I had to confess my concerns to him the following day, and after the initial shock and panic had worn off he seemed fine. The line was very faint though, and I needed to be sure. I took another test this morning… actually I’ve taken five in all over this weekend, and the only test to give a positive result was the first one I took, which was what started all this confusion in the first place.

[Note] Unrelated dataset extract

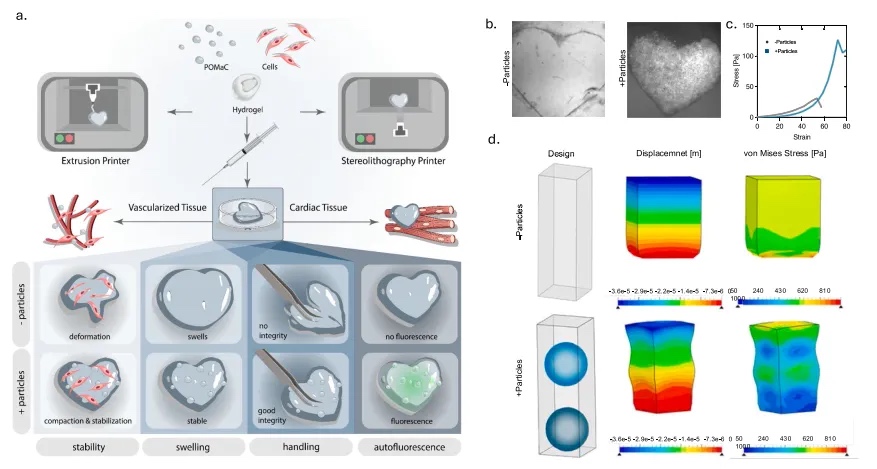 研究人员在各种水凝胶中嵌入POMaC颗粒(特别是纤维蛋白、GelMA和海藻酸盐)创造了多功能的颗粒生物墨水,这些墨水支持基质细胞、成纤维细胞和人类诱导多能干细胞衍生的心肌细胞的重塑和组织生成,并增强血管形成,同时添加荧光以用于构建标记(图1a和b)。微机械压缩测试结果表明,复合材料在大范围应变下表现出与其母本水凝胶相似的行为(图1b),这有助于挤出式3D打印。剪切压缩测试显示,在低应变下,变形主要通过水凝胶组分传递,复合颗粒生物墨水表现出与其母本水凝胶几乎相同的机械性能(图1c)。然而,随着压缩剪切应变增加,变形通过水凝胶传递,使弹性颗粒相互接触,从而抵抗施加的变形(图1c)。因此,复合生物墨水在较高应变下表现得像弹性固体,最终表现出比其母本水凝胶显著更高的极限抗拉强度(图1c)。有限元建模表明,当结构受到相同的压缩位移时,与仅有的水凝胶相比,复合材料内的von Mises应力降低(图1d),进一步支持了复合材料抵抗压缩的能力。这些双模态机械性能使得颗粒复合材料在细胞培养和植入中表现出独特的行为。

I can't remember why I was in a panic, considering it was what I had wanted for so long. Mr Man was never very keen though, and only ever agreed to it for my happiness. By the end of this little episode I was an emotional wreck. My period started, and then it stopped again. I didn't know what to think. I was clinging on to every bit of hope there was. Finally my period started properly and I knew it was over. As disappointed as I was, I was also relieved. I couldn't cope with the emotional roller coaster that trying for a baby caused. As strange as it sounds, I actually found it easier to come to terms with the thought of never having a baby than the continual disappointment every month from not falling pregnant. In a way, I gained strength from making the decision to remain childless, instead of the choice being taken from me every month. Besides, Mr Man and I have both suffered relapses since then, and I know we wouldn't cope with the responsibility of raising a child. So I found hobbies.
Hobbies? That sounds like such a shallow replacement. But I also enjoy the company of my nieces and nephews as often as I can, and I tell them that I wouldn't be able to love them as much as I do if I had children of my own. I do love my nieces and nephews, and seeing them doesn't cause me pain, only joy. But babies... there's just something about babies.
Coping with being childless has meant that my brain has switched off all maternal instincts. I'm not interested in pretty baby clothes, and I find I have to remind myself to even look at the baby and say something nice when I bump into someone I know in town pushing a pram. My brain is obviously trying to protect me, and it does a very good job of it; I hardly ever think about babies these days. But then there are those times when I just can't avoid it, and it's painful. Life would be so much easier if everyone I knew just stopped having babies.